EKS best practices you should know

EKS best practices you should know

My DevOps journey kicked off when we started to develop Datree - an open-source CLI tool that aims to help DevOps engineers to prevent Kubernetes misconfigurations from reaching production. One year later, seeking best practices and more ways to prevent misconfigurations became my way of life.

In this article, we’ll explore some of the EKS best practices that I discovered, and learn how we can validate our custom resources against these best practices.

1. Ensure resources limits size are configured the same as requests

Description:  Pods are scheduled based on requests only, a pod will be placed on a node only if the node's free capacity allows the Pod’s [spec.reosurces.re](<https://app.tryeraser.com/workspace/spec.reosurces.re>)quests. Limits are not factored into pod scheduling but help protect from a single pod runaway with all resources on a node due to an error or bug.

When pods reach their CPU limit they are not evicted, just throttled. However, if they try to exceed their Memory limit they will be OOM and need to be evicted.

When pods in the nodes attempt to use more resources than are available the node gives priority to one pod over another. In order to make this decision, every Pod has its own Quality of Service (QoS) class. In any case that requests!=limits, the container also has its QOS reduced from Guaranteed to Burstable making it more likely to be evicted in the event of node pressure.

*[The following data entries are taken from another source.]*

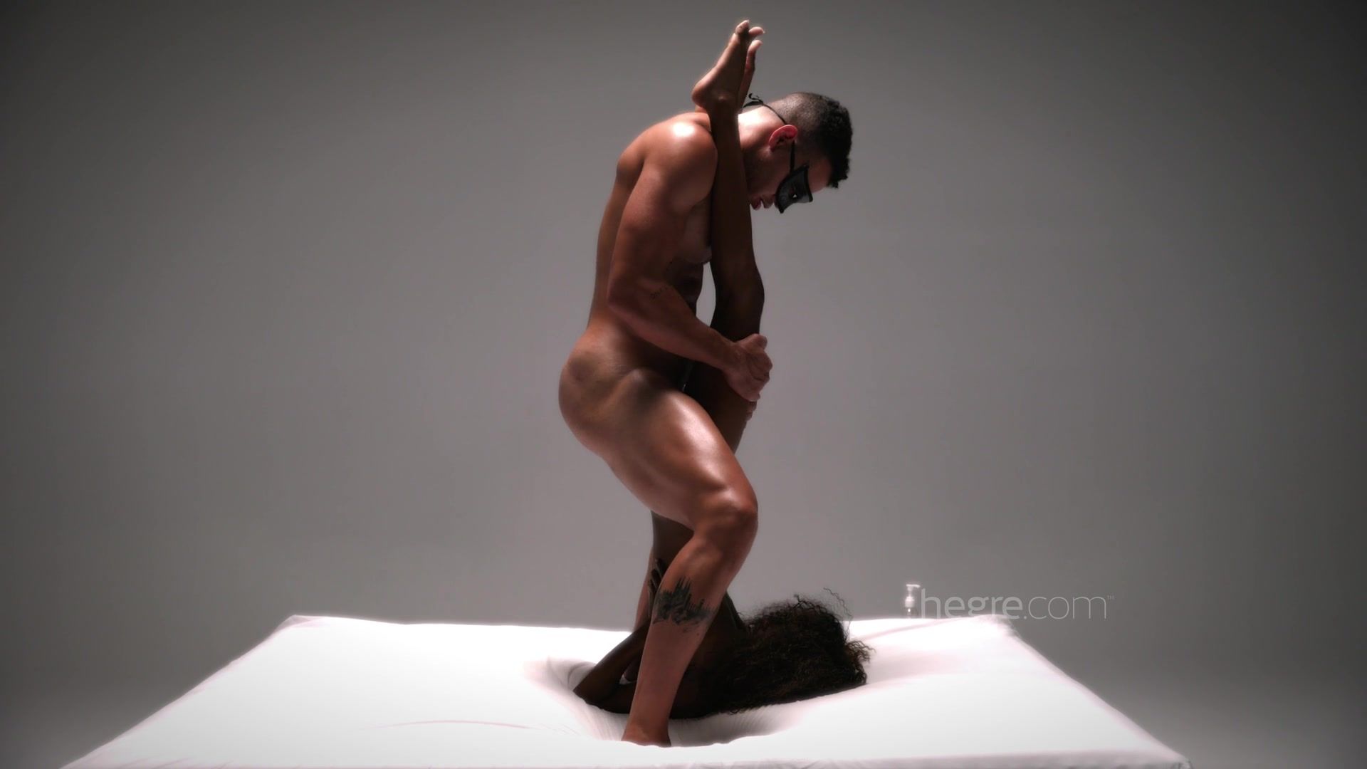 Молодая кудрявая негритянка со стройной фигурой и большой грудью Katherina, занимается любовью с мускулистым белым мужчиной. Во время этого страстного межрасового секса, перевозбуждённая пара использует разные сексуальные позиции. Испытав многие позы Камасутры, утомлённый мужчина кончает и поливает спермой шоколадную киску мулатки.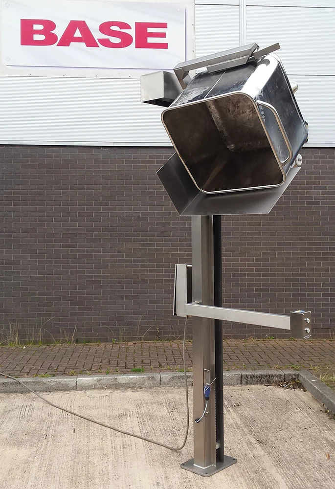 BTM/250/1850/B/SL Single Column Bin HoistThis Single Column Bin Hoist is a 200 Litre tote bin tipper with a side loading lift carriage that is designed to lift and tip at a discharge height of 1850mm. The Column Bin Hoist is manufactured from Grade 304 stainless steel, is a welded construction throughout and is designed to be bolted to the floor. The lifting is achieved by a ¾” Simplex chain driven by a motor gearbox mounted at the top of the main column. The unguarded Column Bin Hoist is fitted with our unique safety latch which engages automatically in the extremely unlikely event of a lift chain failure. Column Bin Hoist Electrical ControlThis Column Bin Hoist is fitted with an IP65 Stainless Steel Control Panel which is mounted on the main column at a convenient position to give good maintenance access under the Provision and Use of Work Equipment Regulation 1998 (PUWER). Upper and Lower end of travel limit switches are positioned to prevent inadvertent adjustment or damage but are easily adjustable by trained personnel for fine adjustment on site. The unguarded Column Bin Hoist operates on a ‘hold to run’ principle such that the ‘Up’ or ‘Down’ pushbuttons must be held for the Column Bin Hoist to operate. As soon as either button is released, the Column Bin Hoist will stop. The control panel has a volt free pair of contacts which can be used to connect a ‘Call to Run’ signal if required. |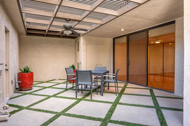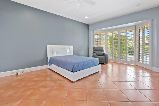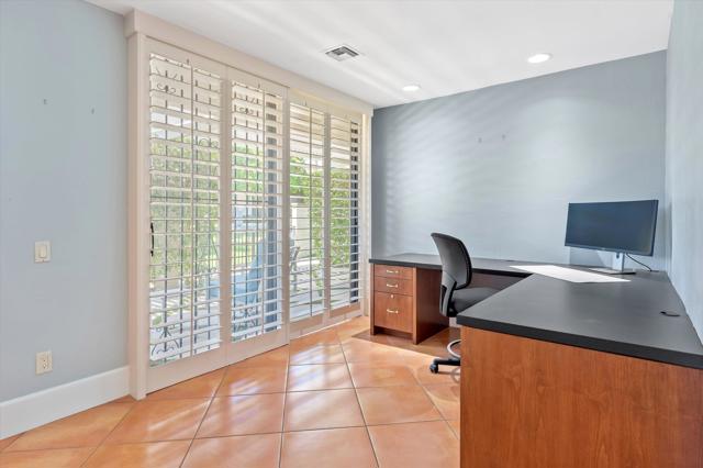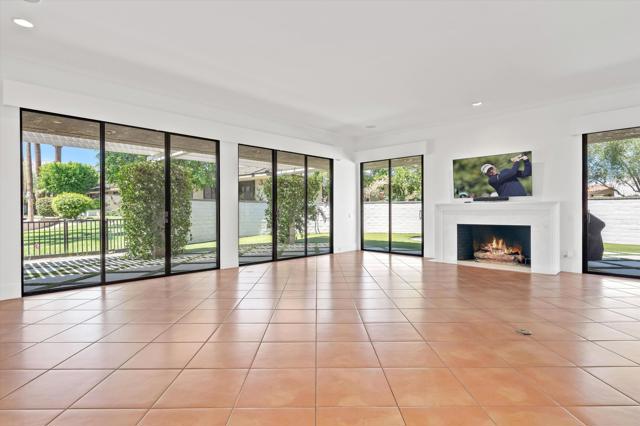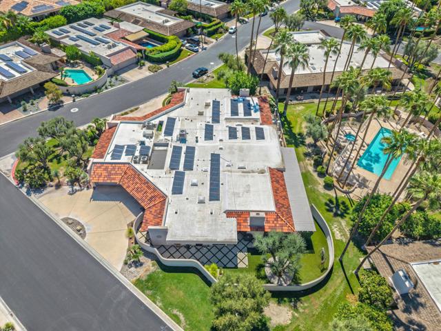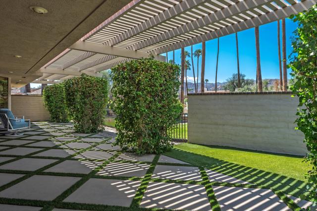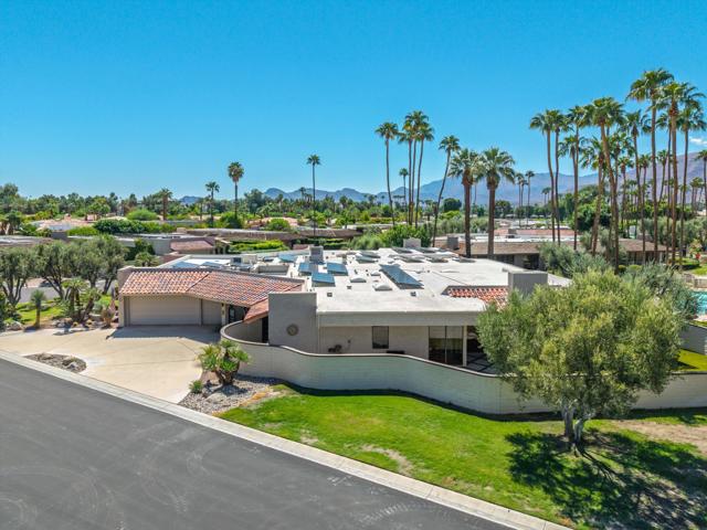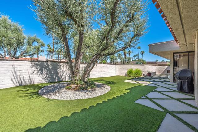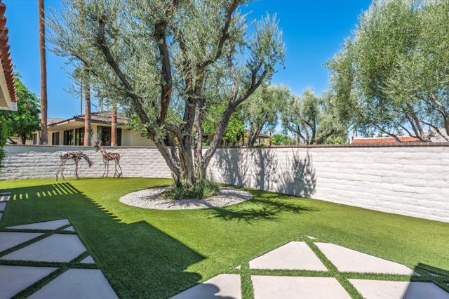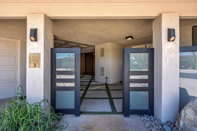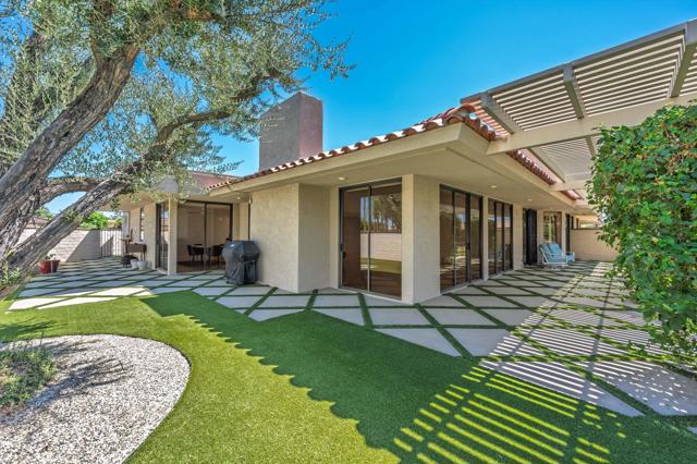 Everything you've been looking for in a serene and private desert retreat. This late Phase 8 - Shaugnessey floor plan with private circular driveway is an incredible value. You'll find timeless design in this light bathed property, ideal for those looking for a lock and leave desert home. Designer ceramic tile flooring throughout, enlarged coffered and illuminated entry with smooth plaster and recessed lighting. Highly upgraded kitchen including top of the line stainless appliances, shaker cabinets and honed granite countertops. A stunning master bathroom with oversized walk in shower. There are exceptional finishing touches throughout the entire property. Expansive primary bedroom retreat with office nook can also be used as private sitting area. New HVAC units and 30 panels of owned solar! Enjoy the convenience of electronic window shades and a wonderful lounge patio in the rear of the property. Southwest facing living areas have fabulous mountain views as a backdrop across a lush greenbelt creating a tranquil home environment. Only a few steps from a large recessed community salt water lap pool and spa! The unique outside SW entertaining area includes an extended side yard that has been walled off for additional privacy and a larger outdoor space, thoughtfully designed with synthetic turf, poured in place pavers and zero maintenance Alumawood Trellis. World class Golf, tennis, pickleball, fitness, dining and exclusive events are all available at The Springs Country club. With the $16 million dollar Desmond Muirhead-designed golf course renovation due for completion in November of 2025 - it's time to come see The Springs- where Legacy meets the future!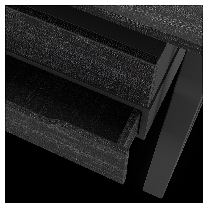 Офисный стол Кобор TR-120/80 black/glazed используется в офисных помещениях и кабинетах руководителей. Модель оснащена опорами в форме трапеции. Каркас выполнен из металла, выкрашенного в цвет черный муар (RAL9005), столешница – из ламинированной древесно-стружечной плиты (ЛДСП) цвета черный дуб (H3178 ST37). Опции (заказываются отдельно):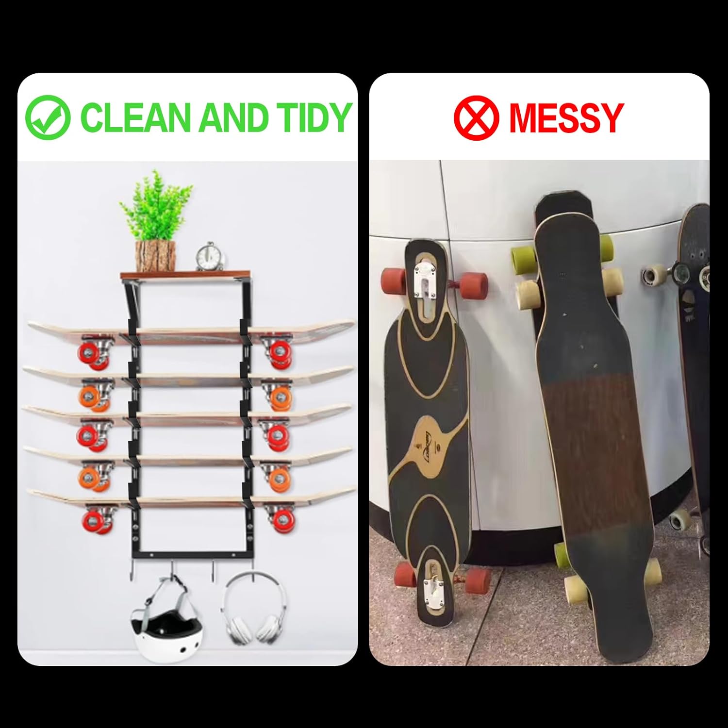 MYOYAY Skateboard Wall Mount Display 6-Layer Skateboard Wall Display Hanger Rack Suitable for Storage of All Kinds of Penny Board, Longboard, Skateboard Deck, Kids Skateboard, black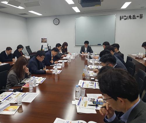 '삼성증권 글로벌 프론티어'가 불황에도 성장을 유지해 온 유통업체인 도쿄의 '돈키호테' 본사를 찾아 IR부 이쿠미 오노다(Ikumi Onoda) 서브치프와 세미나를 갖고 있다. 사진/삼성증권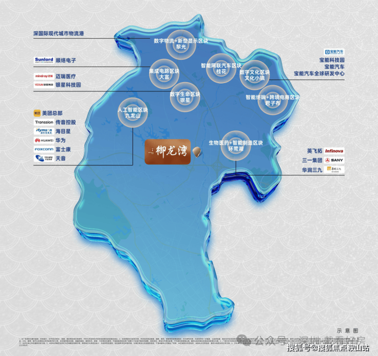💎九龙山数字城:全市22个市级重点开发建设区域之一,目前进驻企业约300家,聚集了华为、迈瑞医疗、美团、富泰华、泰衡诺、富士康、海目星、天音等龙头企业已进驻;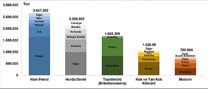 İthalatta ilk sırayı Rusya aldı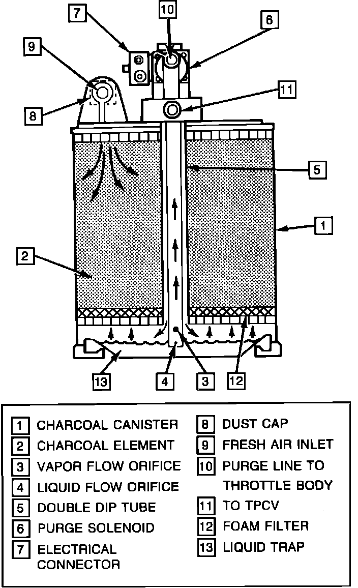 The EECS uses an inverted function charcoal canister. A double dip tube extends down the center of the canister to a liquid trap at the canister base. Fuel vapor from the tank enters a port at the top of the canister. Vapor (and any liquid droplets) travels down the dip tube between the inner dip tube and the outer tube wall. Any liquid present is trapped in the lower liquid well, away from the charcoal element. Fuel vapor is stored in the activated carbon element until purged.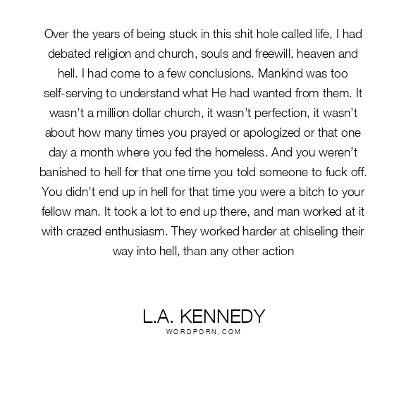 Over the years of being stuck in this shit hole called life, I had debated religion and church, souls and freewill, heaven and hell. I had come to a few conclusions. Mankind was too self-serving to understand what He had wanted from them. It wasn’t a million dollar church, it wasn’t perfection, it wasn’t about how many times you prayed or apologized or that one day a month where you fed the homeless. And you weren’t banished to hell for that one time you told someone to fuck off. You didn’t end up in hell for that time you were a bitch to your fellow man. It took a lot to end up there, and man worked at it with crazed enthusiasm. They worked harder at chiseling their way into hell, than any other action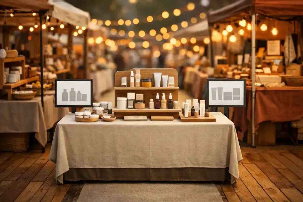 Monte um mix de produtos para feira com uma entrada, um item-estrela para demonstração e um ticket maior. Isso reduz a indecisão e organiza a conversa no estande.

If resources are requests<limits and the node is anywhere close to the reservation capacity then the node will be overcommitted, this can lead to pods attempting to use more resources than the available in the first place.

datree logo

Correctly sized

Correctly sized requests are particularly important when using a node auto-scaling solution like Karpenter, Cluster AutoScaler, these tools look at your workload requests.

Resources:

2. hostPath should be restricted or, if necessary, prefixes may only be used if the volume is read-only and restrict prefix

Description:  A hostPath is a volume that mounts a file or directory from the host node’s filesystem into a Pod. By default pods that run as root will have write access to the file system exposed by hostPath, this could allow an attacker to modify the kubelet settings, create symbolic links to directories or files not directly exposed by the hostPath , e.g. /etc/shadow, install ssh keys, read secrets mounted to the host, and other malicious things.

Usually, application don’t need to use the hostPath, however it does necessary sometimes, for example when running cAdvisor in a Container (use a hostPath of /sys) or requiring a given hostPath directory to be existed prior to the Pod running so the Pod will need to first check whether this particular directory exists and if so only then to run. One scenario for this is a Pod that needs to communicate with an external system that produces/consumes data for the application such as a configuration directory, or logs from /var/log/anyApp. Another use case is when the app listen on a unix socket.

An important note here! Some may suggest that requiring a persistent storage is a use case for mounting hostPath volumes but it is not recommended at all. It’s true that hostPath volumes are the first type of persistent storage because when a pod gets deleted the hostPath volume’s contents don’t, so if a pod is deleted and the next pod point to the same hostPath volume, the new pod will see whatever was left behind by the previous pod, but only if it’s scheduled to the same node. This isn’t recommended for production clusters. Instead a cluster administrator would provision a network resource like Amazon EBS volumes.

Resources:

3. Limit capabilities needed by a container

Description: Linux kernel capabilities are a set of privileges. Docker, by default, runs with only a subset of capabilities that can be modified - we can drop some capabilities (using --cap-drop) to harden our docker containers or add some capabilities (using --cap-add) if needed. It's recommended to avoid the following capabilities: Undefined/nil, AUDIT_WRITE, CHOWN, DAC_OVERRIDE, FOWNER, FSETID,KILL, MKNOD, NET_BIND_SERVICE, SETFCAP, SETGID, SETPCAP, SETUID, SYS_CHROOT

Resources:

4.Ensure capacity in each AZ when using EBS volumes

We should create one node group in each AZ, so there is always enough capacity available to run pods that cannot be scheduled in other AZs.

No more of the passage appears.